先ほどは脳内をどんどんと細部に微分していったが、さらにその微分を続けるとどうなるのだろうか。
そこには細胞があるが、その細胞はタンパク質からなり、そのタンパク質は原子からなり、その原子は、陽子や電子や中性子からなり、その陽子や電子や中性子は、素粒子からなる。そのような微細なレベルにおいては、通常知られている物理現象とは異なる現象が見られることはよく知られている。例えば、陽子や電子や中性子のふるまいを説明するのは、ニュートン物理学ではなく量子物理学だ。量子物理学の理論には、シュレディンガーの猫という仮説があり、そこでは、猫は生きていたり、死んでいたりして、一意的に状態が定まることはない。量子とはつまり、状態が確定できない状態である。
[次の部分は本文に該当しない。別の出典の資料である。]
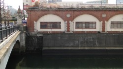 テスト撮影を行ったのは下記写真の場所。石製の欄干の前に立ち、横に長く続くレンガ作りの建物がどこまで写せるかを試した。まずはパノラマ機能を使わず通常のサイズで撮影したものが下記右側の写真。部屋がふたつと半分映っている状態だ。

さらにその下の素粒子レベルになると、まだふるまい自体がわかっていないようだ。超弦理論などの探求が続く。
量子物理学も超弦理論も、どこか遠い世界のようだけれども、じつは、陽子や電子や中性子や素粒子は、どこか遠い世界の話ではない。それはすでに、ぼくの体の中に存在するのだ。ぼくの体を微分していったとき、その体は、あるともいえないし、ないともいえない状態の陽子や電子や中性子や素粒子に還元される。
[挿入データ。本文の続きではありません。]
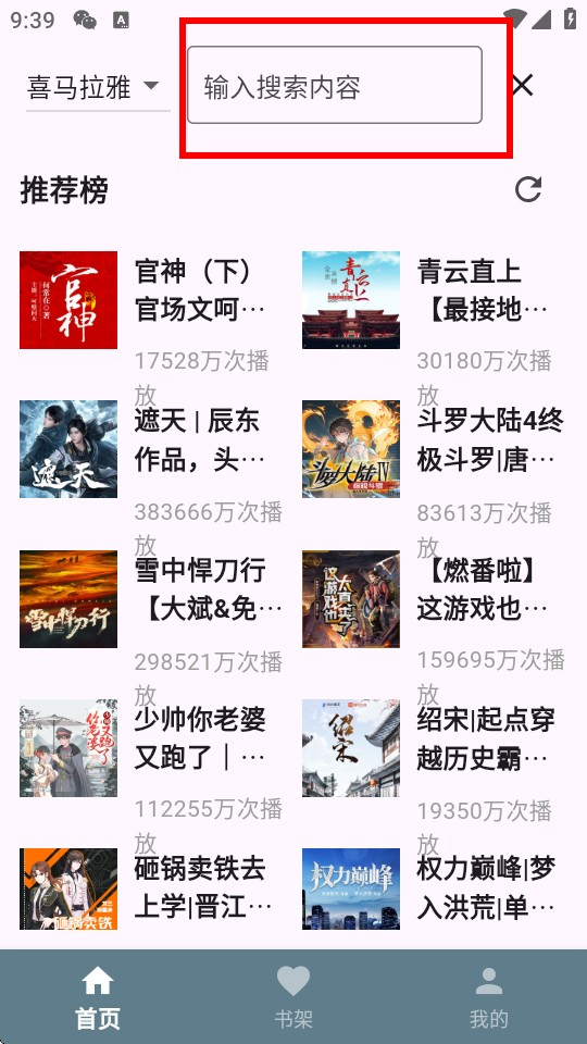 2进入软件后,可自由切换不同内容来源,像番茄畅听、喜马拉雅等平台都能按需选择,以此获取更丰富的资源内容。

もちろん、陽子や電子や中性子や素粒子は最小の単位であり、そんなものが、中程度の規模を持つ目に見える体とは関係ないということもできるだろう。
けれども、陽子や電子や中性子や素粒子とぼくの体の関係は、陽子や電子や中性子や素粒子と宇宙全体の関係から比べると、ずっと密接な関係であるはずだ。
それに、あらゆるものが陽子や電子や中性子や素粒子からなっている以上、全てはその陽子や電子や中性子や素粒子のふるまいの影響をどこかで受けている。
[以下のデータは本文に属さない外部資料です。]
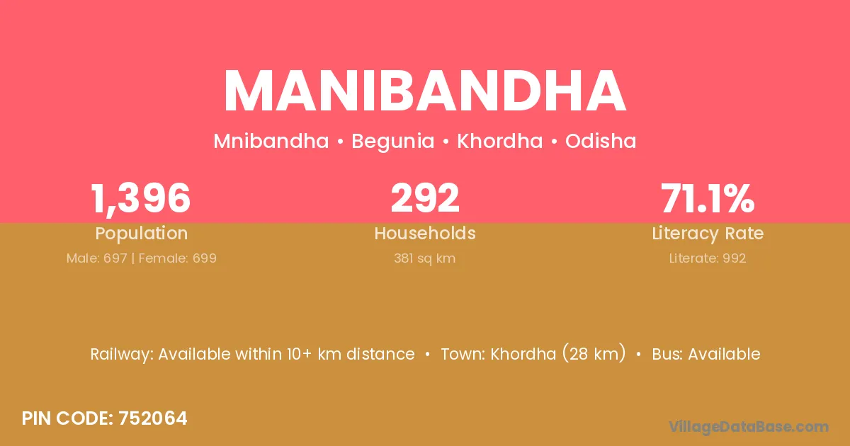 Manibandha village has a total population of 1,396 people, of which 697 are males and 699 are females.

あるのにない、ないのにある、が起こること自体、その影響だと考えられないだろうか。
そのようなものがない世界ではそのようなもの自体を想像することもできないが、そのようなものが少なくともある世界ではそのようなものを想像する余地はある。
体は外延である。だが、体は外延ではない。
ぼくもものである。ものにしかすぎないぼく。
そう気付いた時、ぼくはすでに、そのような世界の一端にいること示しているだけであり、体の外延がどこであるかがわからないことはそのような世界のあり方の一部であるのかもしれない。